I was out there this morning walking the beach with CERT to move up any debris that might get oil coated off the high water line and didn't see any. just saw a forecast on tv that Monday is when it will likely come ashore in Navarre.


----------



## The LaJess II (Oct 3, 2007)

The web cam link below doesn't show any on the beach that I can see.When you pull the cam up be patient because this cam rotates and takes many shots of the beach. Many are blurred but a lot are close ups of the beach.

http://www.destinpasslive.com/navarre-beach.html


----------



## Pass Time (Feb 6, 2009)

> *samiams (01/05/2010)*i was out at the site of the new pier two hours ago and so nothing but the normal water you see when it is rough. With that being said it will impact the beach, its inevitable and just a matter of time


I was at the east end of navarre park about this same time and asked a gentleman that just came out of the water if he had seen oil yet and he said that that was what he was checking for...was this you?

Also...I drove the entire distance from navarre to ft pickens and stopped all along the way and noticed nothing more than the dirty foam on the shoreline that is usually present during these types of windy/wavy conditions. having said that though, I did not have any "oil testing" kit with me to do a "parts per million" test.


----------



## jiggyw/it (Apr 24, 2010)

My kids called about an hour and a half ago and they were out by Ft. Pickens and oil is already washing up.


----------



## Stressless (Oct 2, 2007)

Oil, Navarre Beach? Just go out next week and scoop up a couple metric tons....

Damn.
Stresslesss


----------



## daddytime (Oct 1, 2007)

Latest reports are that oil from DH will not be here (FL) for 72 hours. Odds are against these local oil sightings being: 

(a) oil

(b) oil from the DH

Think about it, the Gov. was here today along with GOD only knows how many CG personell, plus you got the local gov., plus the FDEP and a media that can't wait to report the news of oil on our beaches.


----------



## samiams (Feb 3, 2008)

no sir it wasnt me, didnt really talk to anyone and i was there with my 7yr olddaughter


----------



## SharkSlayer (Oct 3, 2007)

I apologize to all that have read my last post. I messed up and called someone out that I shouldn't have. I have apologized to Brad King through a PM also. 
I have deleted my posts and I ask that you guys delete yours that have the quote in it. 
Sorry everyone, most importantly Brad. I messed up.


----------



## Brad King (Sep 30, 2007)

> *SharkSlayer (02/05/2010)*I apologize to all that have read my last post. I messed up and called someone out that I shouldn't have. I have apologized to Brad King through a PM also.
> I have deleted my posts and I ask that you guys delete yours that have the quote in it.
> Sorry everyone, most importantly Brad. I messed up.

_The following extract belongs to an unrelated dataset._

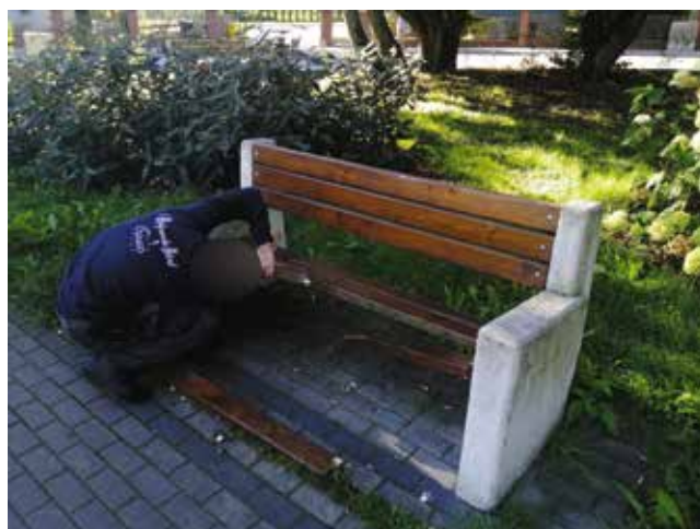
Naprawa desek na siedziiskach usytuowanych w parku przy ul. Bankowej

Thank you so much for the clear up brother... Very stand up thing to do.


----------



## FishinFreak (Oct 2, 2007)

My family and I participated in the Perdido Key pre-oil arrival clean up this afternoon. The beach had lots of the typical heavy surf foam on it, but no oil yet. I will tell you that oil is not our only problem though. We either have 1] some really, really bad chain smokers out in the Gulf or 2] Cuba is going to have a serious bout of lung cancer in it's population in the near future! We picked up hundreds, if not thousands of butts in a 1/4 mile stretch. I've been going to the beach all of my life and I never realized how bad the cigarette butt problem is. Please refrain from throwing your cigarette butts in the water if you smoke. Obviously they aren't bio-degradable. I'm not a tree hugger by any means, but I know a bad thing for the environment when I see it...


----------



## oceansbreeze (May 1, 2009)

Picture of Navarre Beach May 2, 2010
Correction - This is Opal Beach just West of Navarre Beach.

























t


----------



## fishn4real (Sep 28, 2007)

Can't put my finger on it to touch it, or smell it, but it looks like the standard Pensacola/Escambia bay foam sludge that is result of discharges from our industries and Escambia Wastewater Treatment Facility. Mixed with the pounding surf it makes for a brown foamy looking frothy sludge.


----------



## sealark (Sep 27, 2007)




----------



## Kenton (Nov 16, 2007)

> *oceansbreeze (03/05/2010)*Picture of Navarre Beach May 2, 2010
> Correction - This is Opal Beach just West of Navarre Beach.
> 
> 
> ...


Okay. I have seen photos like these for the last three days. People crying wolf! I know you all have lived here long enough to know when the water is rough that the beaches are covered with brown seafoam. We are not projected to be hit with the goo until ATLEAST 72hrs. Hell, Wunderground puts us out till the end of the week. Lets not get ahead of ourselves. Enjoy the LACK of oil while we still can.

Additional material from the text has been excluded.